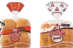
Aunt Millie's Hamburger or Hot Dog Buns 8 ct.
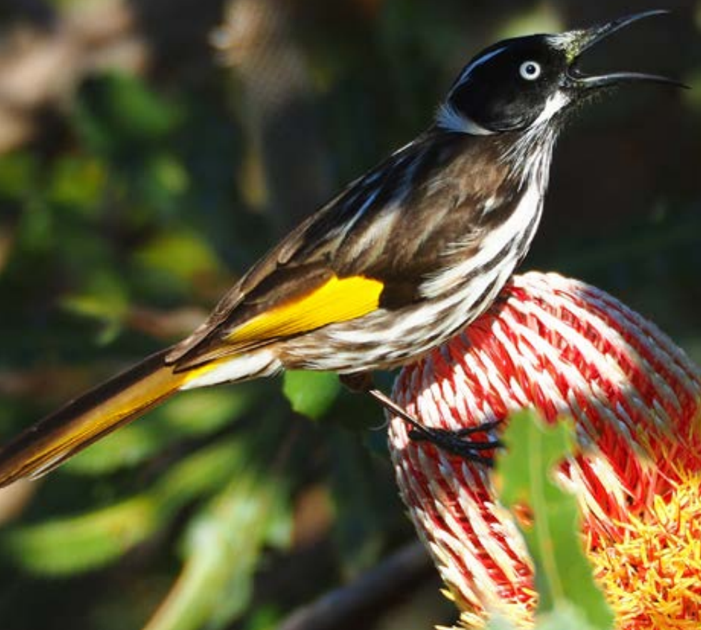
Phylidonyris novaehollandiae New Holland Honeyeater
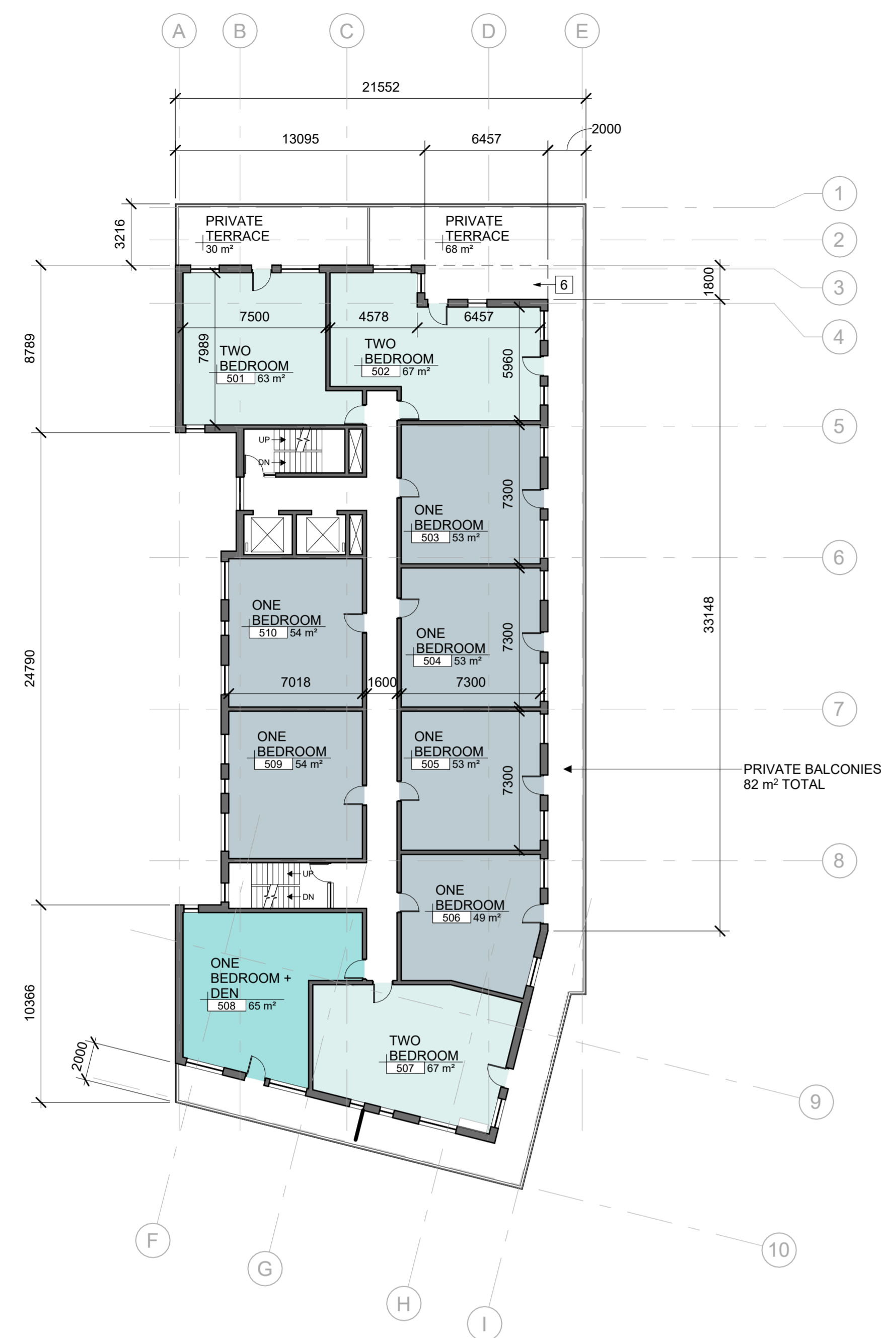
1 FIFTH FLOOR PLAN
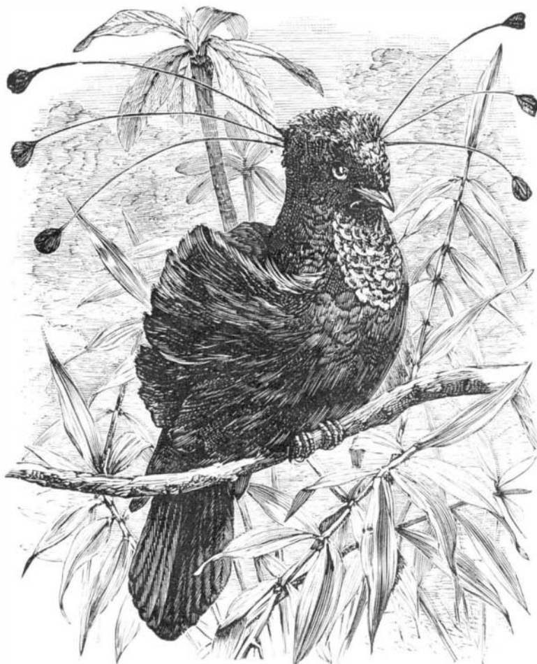
GOLDEN BIRD OF PARADISE.
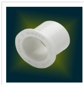
UPVC Reducer Bush
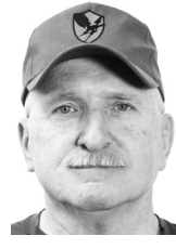
HERE'S TO YOUR HEALTH
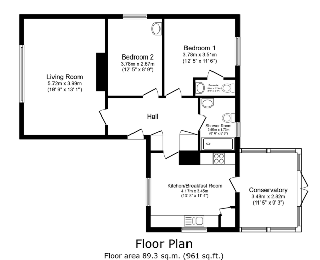
TOTAL: 89.3 sq.m. (961 sq.ft.)

ils floor plan is for illustrative purposes only. It is not drawn to scale. Any measurements, floor areas (including any total floor area), openings and orientations are sproximate. No details are guaranteed, they cannot be relied upon for any purpose and do not form any part of any agreement. No liability is taken for any error, omission of
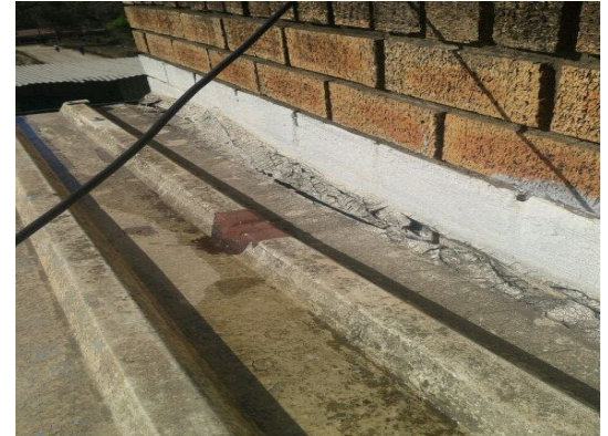
Failed waterproofing membrane and no metal flashings

For the long term performance of the sidewall detail, it is essential that all components are installed correctly. Should any of the components such as sealant tape, metal counter flashing or zed support be omitted then water will enter the detail.
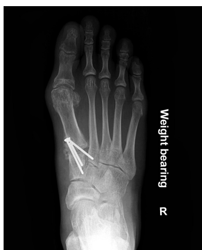
Fig. 1: X-ray of post Lapidus procedure with plate osteosynthesis

Statistical analysis was carried out using SPSS® 19.0 (IBM, Armonk, New York, United States). Statistical significance was defined as a p-value of \leq 0.05 . The Student's paired t-test was used to analyze the improvement in VAS and AOFAS scores in both the plate osteosynthesis and screw fixation group.
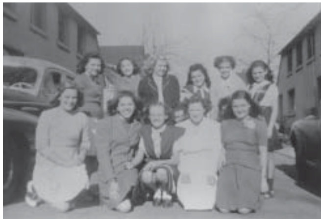
Young ladies from Marktown gather for a birthday photo on the streets of Marktown. Recognize anyone?

With the participation of all of the residents and the cooperation of the various civic groups, our future should be a bright one for generations to come.
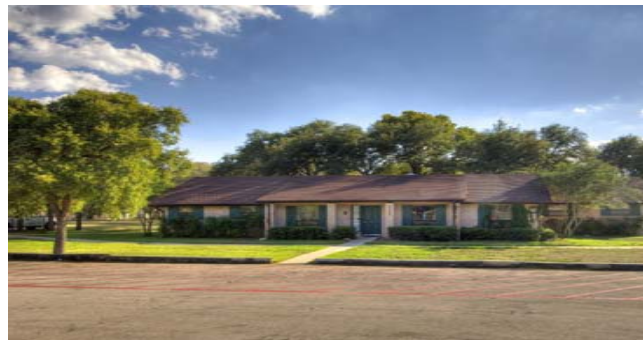
Men's Long Term Program at Austin Recovery's Lodge

Long Term Programs: The National Institute of Drug Abuse notes that "...for most patients, the threshold of significant improvement is reached at about three months of treatment." Clients with a history of relapse or requiring improved life-skills often benefit from longer-term treatment. Following their initial 30 days of treatment we offer the additional time for healing needed by many clients. Our men receive treatment at Austin Recovery's Lodge located on a tranquil 12-acre site in South Austin, while women transition to our facilities located on the Edith Royal Campus.

Requirement
Set down a word-for-word copy of the records, dropping any picture.

Written response
Aunt Millie's Hamburger or Hot Dog Buns 8 ct.
Phylidonyris novaehollandiae New Holland Honeyeater
1 FIFTH FLOOR PLAN
GOLDEN BIRD OF PARADISE.
UPVC Reducer Bush
HERE'S TO YOUR HEALTH
TOTAL: 89.3 sq.m. (961 sq.ft.)

ils floor plan is for illustrative purposes only. It is not drawn to scale. Any measurements, floor areas (including any total floor area), openings and orientations are sproximate. No details are guaranteed, they cannot be relied upon for any purpose and do not form any part of any agreement. No liability is taken for any error, omission of
Failed waterproofing membrane and no metal flashings

For the long term performance of the sidewall detail, it is essential that all components are installed correctly. Should any of the components such as sealant tape, metal counter flashing or zed support be omitted then water will enter the detail.
Fig. 1: X-ray of post Lapidus procedure with plate osteosynthesis

Statistical analysis was carried out using SPSS® 19.0 (IBM, Armonk, New York, United States). Statistical significance was defined as a p-value of \leq 0.05 . The Student's paired t-test was used to analyze the improvement in VAS and AOFAS scores in both the plate osteosynthesis and screw fixation group.
Young ladies from Marktown gather for a birthday photo on the streets of Marktown. Recognize anyone?

With the participation of all of the residents and the cooperation of the various civic groups, our future should be a bright one for generations to come.
Men's Long Term Program at Austin Recovery's Lodge

Long Term Programs: The National Institute of Drug Abuse notes that "...for most patients, the threshold of significant improvement is reached at about three months of treatment." Clients with a history of relapse or requiring improved life-skills often benefit from longer-term treatment. Following their initial 30 days of treatment we offer the additional time for healing needed by many clients. Our men receive treatment at Austin Recovery's Lodge located on a tranquil 12-acre site in South Austin, while women transition to our facilities located on the Edith Royal Campus.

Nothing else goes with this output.